» How to complete this task: Take the lines below from the one with "1902 6d EVII" through the one with "Black Quilted Round" and print only them, exactly. Don't print the pictures.

» Information given:
______

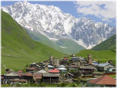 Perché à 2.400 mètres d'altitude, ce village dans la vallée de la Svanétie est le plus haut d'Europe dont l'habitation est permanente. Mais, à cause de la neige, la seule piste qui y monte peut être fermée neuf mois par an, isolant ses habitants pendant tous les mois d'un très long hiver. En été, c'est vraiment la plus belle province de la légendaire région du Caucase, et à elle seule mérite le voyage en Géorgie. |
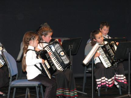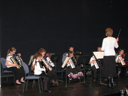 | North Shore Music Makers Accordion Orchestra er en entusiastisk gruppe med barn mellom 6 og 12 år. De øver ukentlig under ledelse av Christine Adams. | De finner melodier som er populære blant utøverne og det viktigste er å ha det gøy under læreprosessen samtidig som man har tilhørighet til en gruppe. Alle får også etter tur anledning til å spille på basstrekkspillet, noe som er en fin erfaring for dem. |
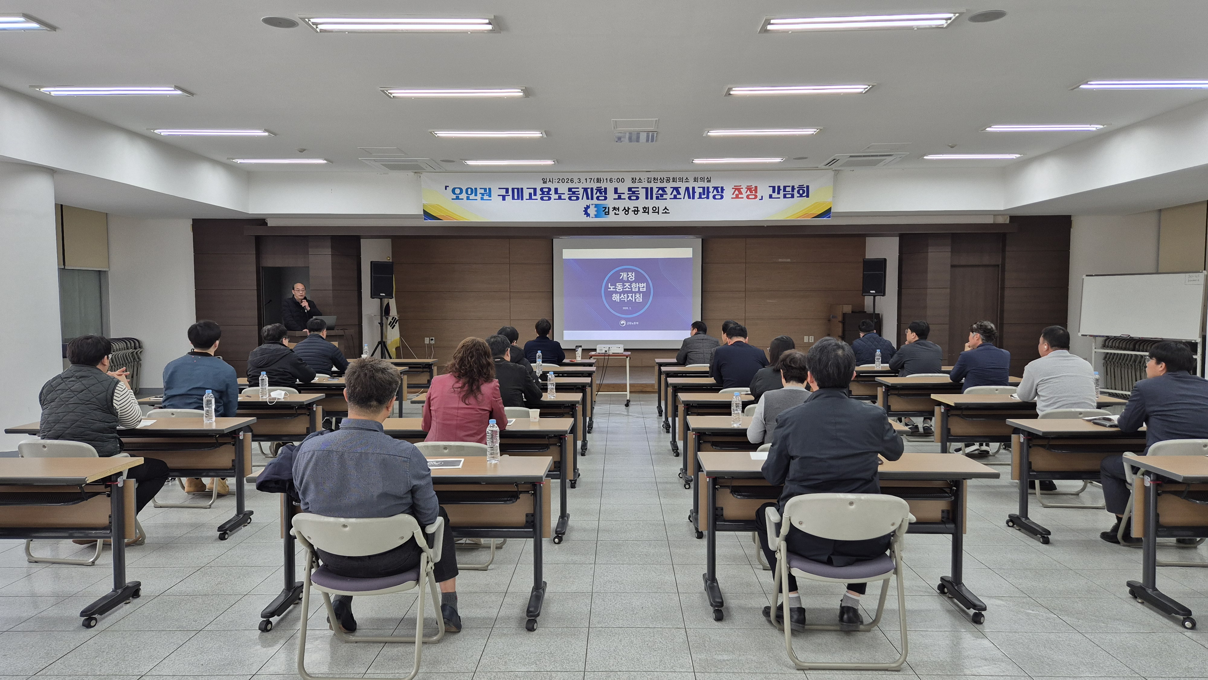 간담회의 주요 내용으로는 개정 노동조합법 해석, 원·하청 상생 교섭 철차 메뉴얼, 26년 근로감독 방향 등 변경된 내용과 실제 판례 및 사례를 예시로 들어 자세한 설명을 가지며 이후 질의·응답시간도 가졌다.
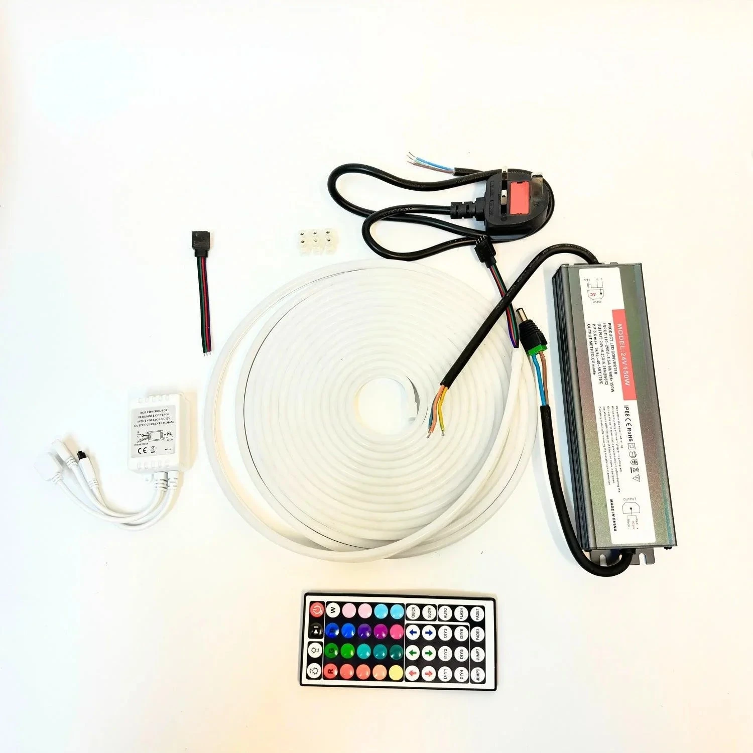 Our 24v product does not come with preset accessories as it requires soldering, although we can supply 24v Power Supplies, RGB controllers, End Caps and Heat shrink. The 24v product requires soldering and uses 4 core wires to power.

______

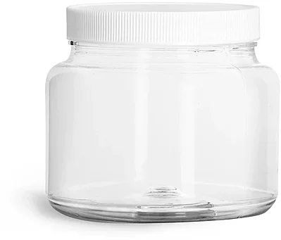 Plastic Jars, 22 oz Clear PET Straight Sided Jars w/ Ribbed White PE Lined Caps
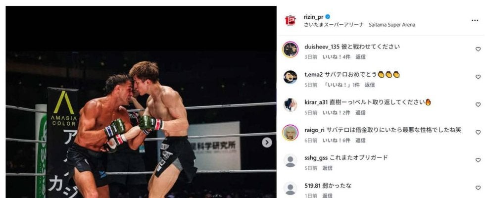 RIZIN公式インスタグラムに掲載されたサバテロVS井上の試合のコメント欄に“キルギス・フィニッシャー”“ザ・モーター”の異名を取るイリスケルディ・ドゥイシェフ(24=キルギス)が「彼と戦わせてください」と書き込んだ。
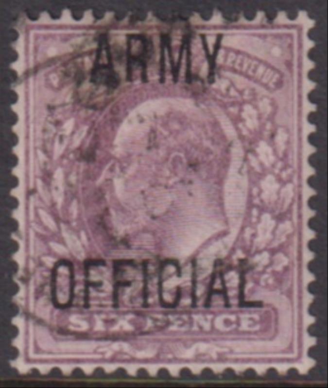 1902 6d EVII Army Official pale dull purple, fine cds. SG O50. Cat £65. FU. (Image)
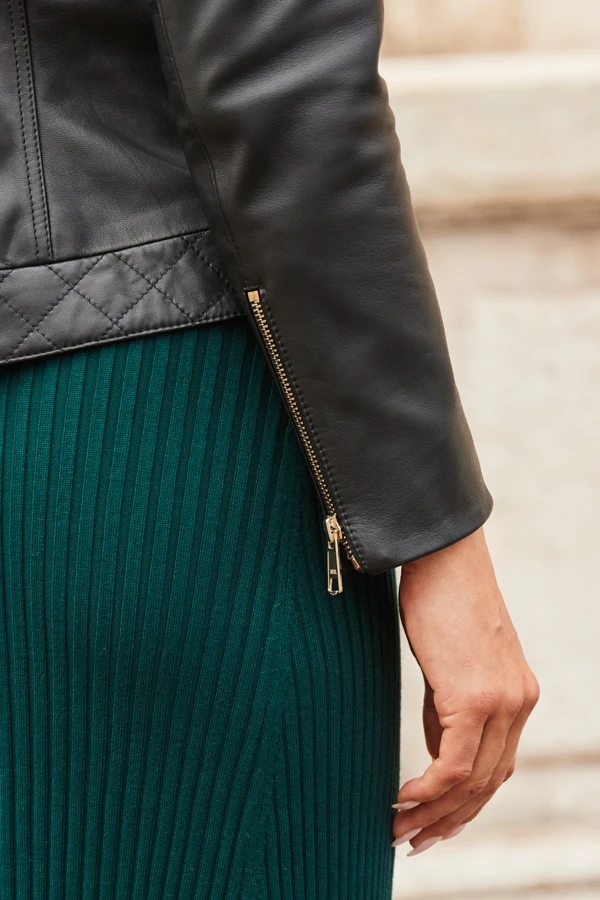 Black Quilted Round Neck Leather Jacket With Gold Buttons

______

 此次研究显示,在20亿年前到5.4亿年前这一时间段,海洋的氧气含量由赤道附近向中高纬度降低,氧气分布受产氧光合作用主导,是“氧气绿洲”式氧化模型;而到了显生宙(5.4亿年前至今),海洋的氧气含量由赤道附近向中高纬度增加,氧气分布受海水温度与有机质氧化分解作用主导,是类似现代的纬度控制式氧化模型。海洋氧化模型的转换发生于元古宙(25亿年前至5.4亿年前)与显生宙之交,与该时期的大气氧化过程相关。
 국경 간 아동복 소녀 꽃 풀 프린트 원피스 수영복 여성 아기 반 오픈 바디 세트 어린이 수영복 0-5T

______

» Answer section:
 1902 6d EVII Army Official pale dull purple, fine cds. SG O50. Cat £65. FU. (Image)
 Black Quilted Round Neck Leather Jacket With Gold Buttons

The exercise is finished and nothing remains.